David Hewlett: My dream project, my favorite sci-fi villain and more

If David Hewlett cracked you up as Dr. Rodney McKay on Stargate: Atlantis, wait'll you meet the REAL David Hewlett! We're thrilled that he's agreed to join us regularly here at Blastr to answer your questions and share whatever happens to be on his mind.

Look who's back—Hewlett's back! BlahBlah, Blastr blogging and still insisting on talking about himself in the third person in a feeble attempt to make himself sound more interesting and important.

Just home from Vancouver, the JapaDog-heavy Hewlett has just completed the narration on a new show for SyFy in which he's been trying to sound more like a demented fast-talking version of Vincent Price than Rodney McKay.

In other news, Caesar: Rise of the Apes, which, due to lengthy non-disclosure agreements, Hewlett isn't allowed to tell you he has a role in, will now be released in August. Unfortunately this jeopardizes the hirsute Hewlett's bold plan to stop shaving—in the hopes of sneaking naked into the premiere as one of the apes. In other primate news there's no word on what's happening to Hewlett's evil Bulgarian snow monkey SyFy monsterpiece, other than it's apparently in post-production without him!

And for those longing for the return of Rodney McKay, (get in line behind Hewlett!), David Hewlett can be seen reprising the role of the snarkiest astrophysicist in the universe in the SGU episode titled "Seizure," airing on SyFy April 4th.

Hewlett will now take your questions.

Would you return to Stargate if they made a movie?

I always thought that Stargate McKay had a very nice ring to it, don't you agree? I adored my years playing Rodney McKay and I would jump at any chance to reprise the role! Especially since it would provide me with another opportunity to regale Joe Flanigan with lengthy and detailed accounts of the wide variety of foods I'd consumed from the lunch menu.

What is the geekiest thing you have ever done? Were there consequences?

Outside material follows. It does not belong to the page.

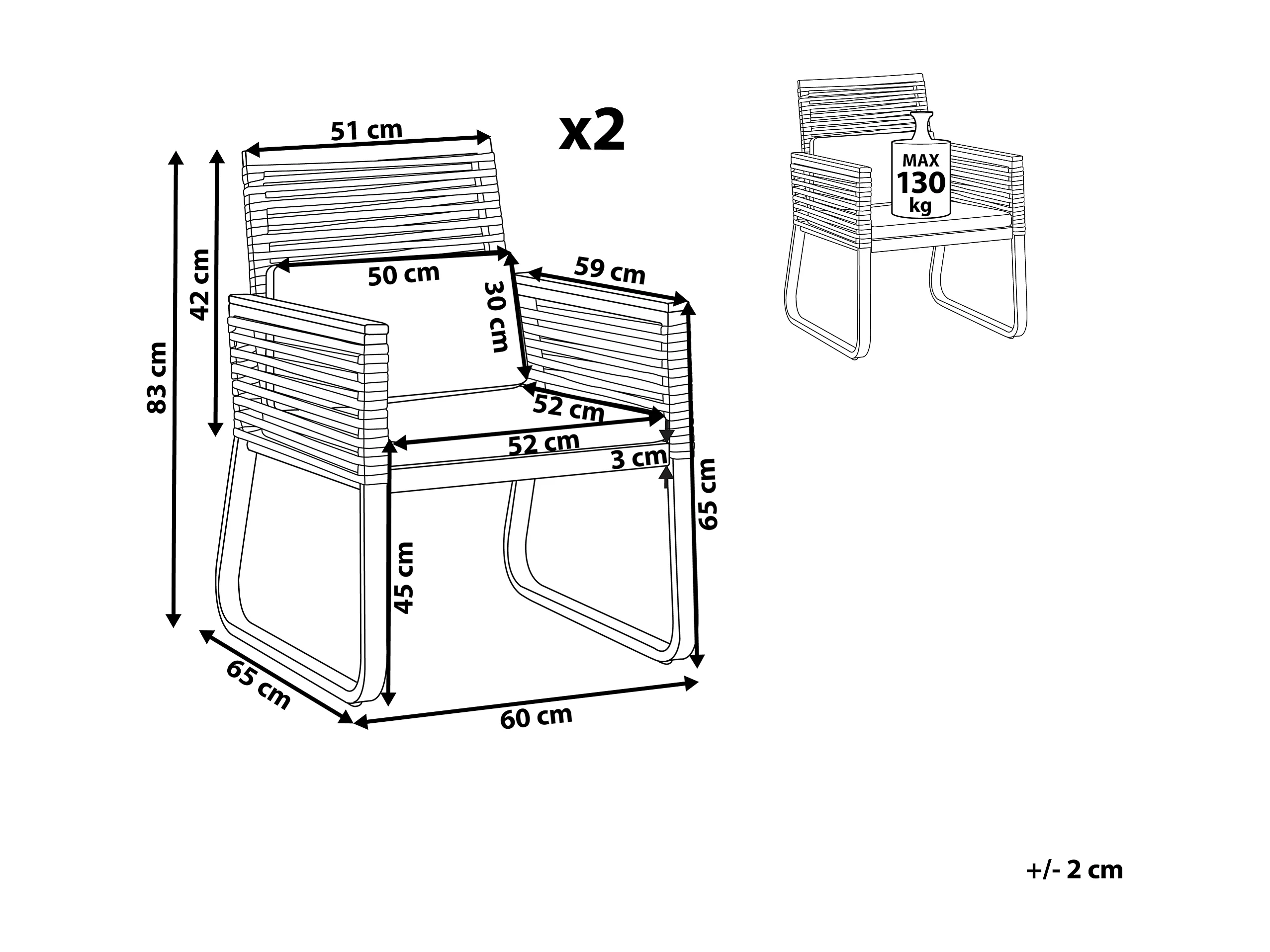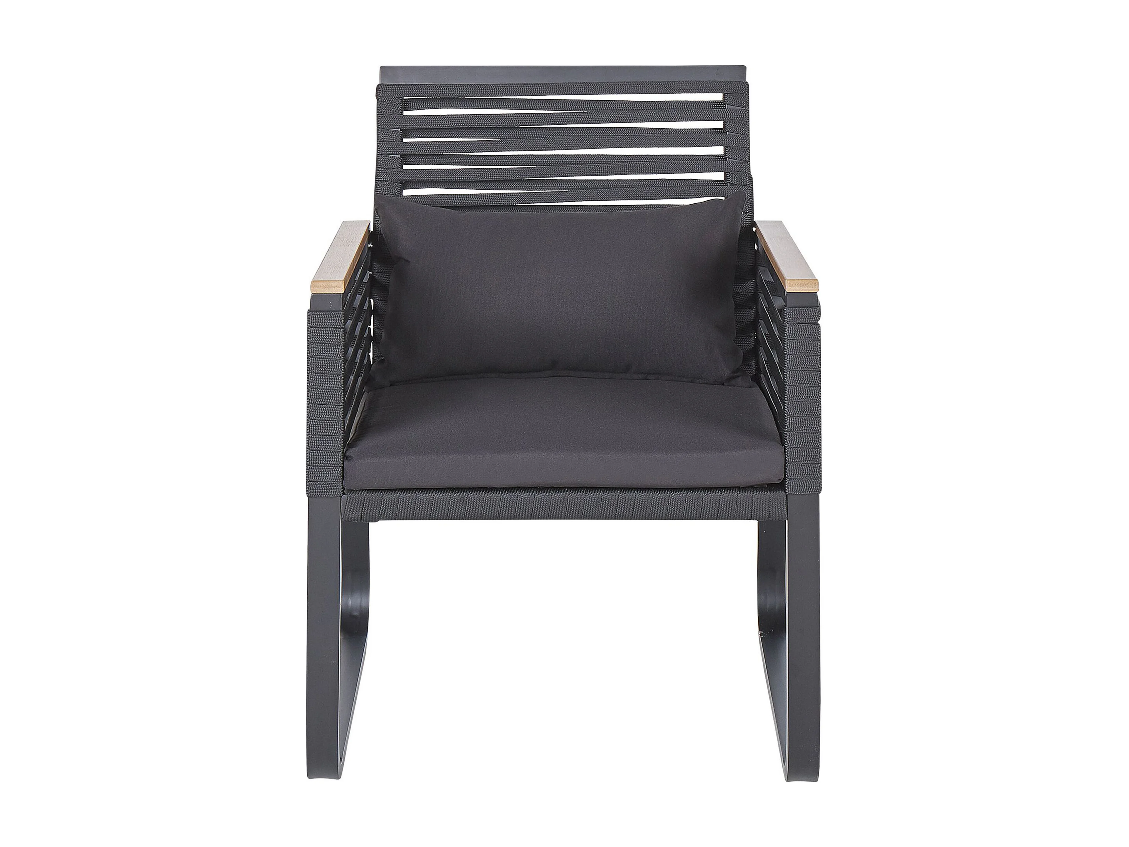Komfortables 2er Set Gartenstühle Aluminium / Flachseil schwarz - Inklusive Polsterkissen - Stilvoll und Wetterbeständig - CANETTO

I was living in my friend's basement in Hollywood and doing a lot of internet programming and website stuff ... generally being a terribly anti-social unpleasant little nerd. I had promised to have dinner with a woman that I'd met a while ago but that I'd put off a number of times because of auditions. I was actually thinking about trying to get out of it again, but she pinned me down to a date and I really didn't think I could bail without being rude.

Anyway, I showed up wearing a pair of stained old cargo pants and a hideously rumpled shirt. While I was struggling to figure out how to buzz her apartment I was distracted by a fabulous looking blonde hanging out on the upper balcony. To my horror, I realized that she was actually my date for the evening! As a result, I missed the door buzzer an embarrassing number of times and catching a glimpse of the homeless man staring back as my reflection, was mortified to realize what a mess I looked. I then insisted on driving her to the restaurant in the cheapest car on the market, taking about 10 minutes to parallel park on what was basically an empty street.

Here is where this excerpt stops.